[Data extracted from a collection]
________________________________________

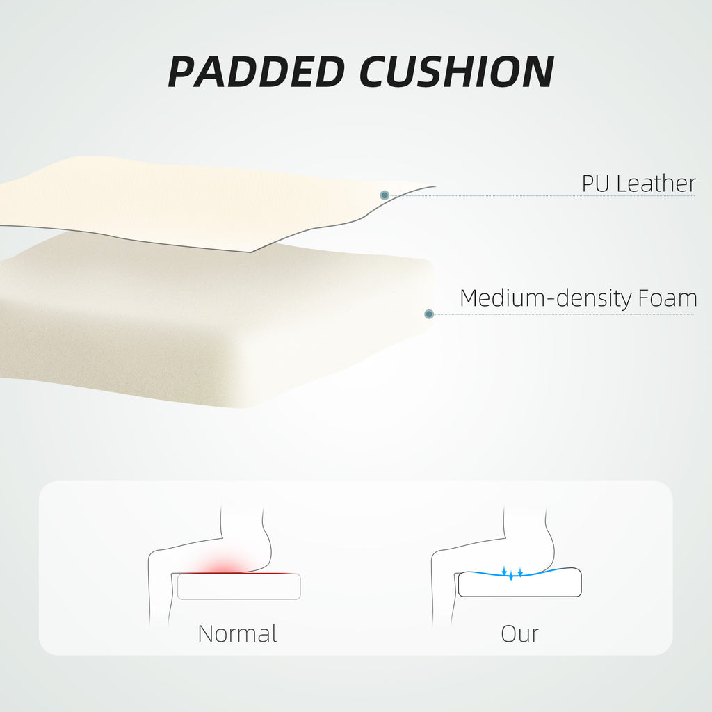 Need a comfortable office chair? Look to this number. Padded all over, with PU upholstery, making it a comfortable seat for everyday use. The height and back angle are both adjustable, making it easy to set to a position you want. A manual retractable footrest to elevate the lower body. High back and armrests for support. Fully swivelling seat to move with your body. Five wheels to move around easily.
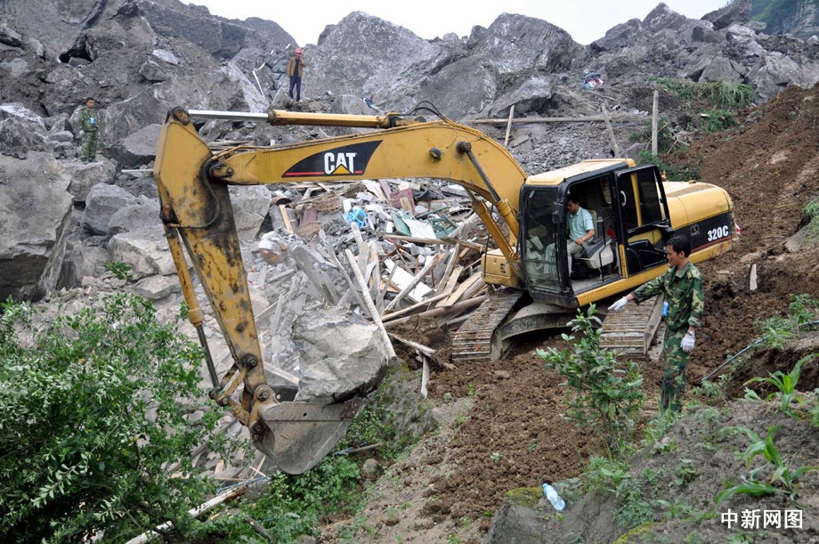 因垮塌的民房為兩層樓混泥土結(jié)構(gòu),且上有土石堆積,只攜帶了簡易救援工具的救援官兵難以快速搜救被埋者。6月7日15時許,第一臺型號為CAT320C的中型挖掘機(jī)駛進(jìn)垮塌現(xiàn)場進(jìn)行挖掘作業(yè)。 曹多然 攝
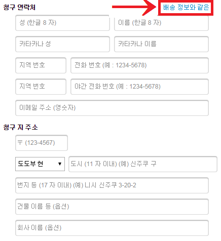 STEP7. 한번 더 배송 정보를 입력하는 화면이 나오는데요. 아래와 같이 배송 정보와 같은(?)을 클릭하면 아까 입력한 내용이 자동으로 입력됩니다.
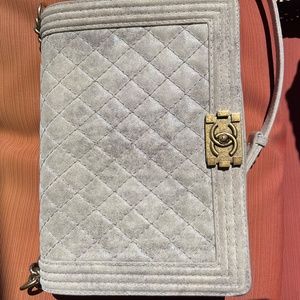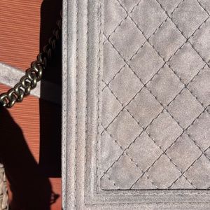 Karl Lagerfeld designed the Boy Collection as an interpretation of the boyish charm that Coco Chanel was known for. Karl was stated as saying that the very spirit of Chanel was inspired by Boy Capel, the love of her life; which is why this new collection is called the "Boy Chanel." This gorgeous bag from the pre-Fall 2013 collection is made of gorgeous beige distressed and quilted Nubuck leather with a subtle metallic sheen. This is the largest size of the collection and features a long chain-link strap with a leather pad that can be used as a long strap or looped around as a shoulder bag.
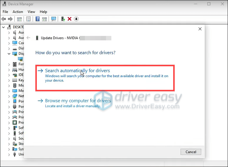 - Select Search automatically for updated drivers software. Then follow the on-screen instructions to finish the process.
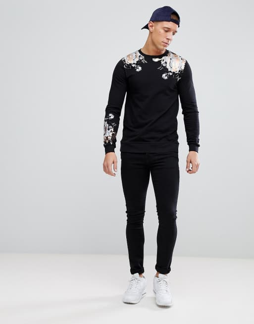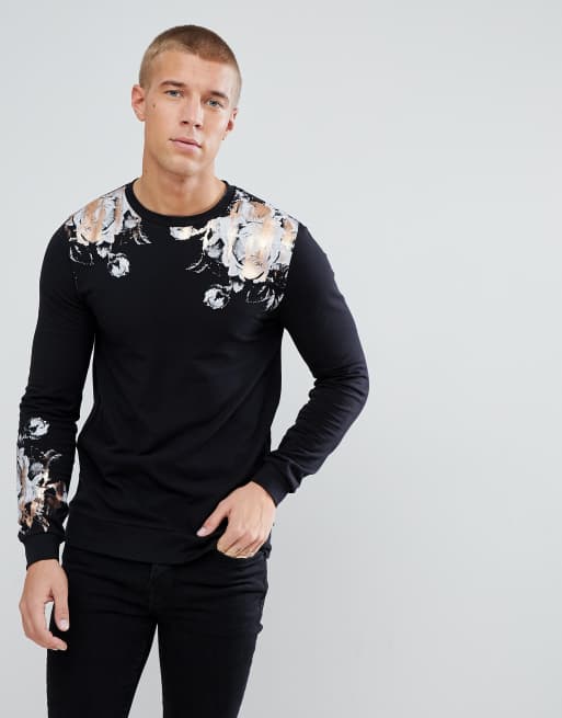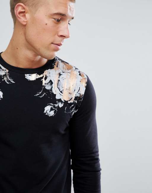 ASOS Muscle Sweatshirt With Rose Foil Print

________________________________________

* Required work
From the line containing "Karl Lagerfeld designed" to the last line of the records above, return each line exactly, both ends included, and nothing more. Leave out the pictures.

* Output of the exercise
 Karl Lagerfeld designed the Boy Collection as an interpretation of the boyish charm that Coco Chanel was known for. Karl was stated as saying that the very spirit of Chanel was inspired by Boy Capel, the love of her life; which is why this new collection is called the "Boy Chanel." This gorgeous bag from the pre-Fall 2013 collection is made of gorgeous beige distressed and quilted Nubuck leather with a subtle metallic sheen. This is the largest size of the collection and features a long chain-link strap with a leather pad that can be used as a long strap or looped around as a shoulder bag.
 - Select Search automatically for updated drivers software. Then follow the on-screen instructions to finish the process.
 ASOS Muscle Sweatshirt With Rose Foil Print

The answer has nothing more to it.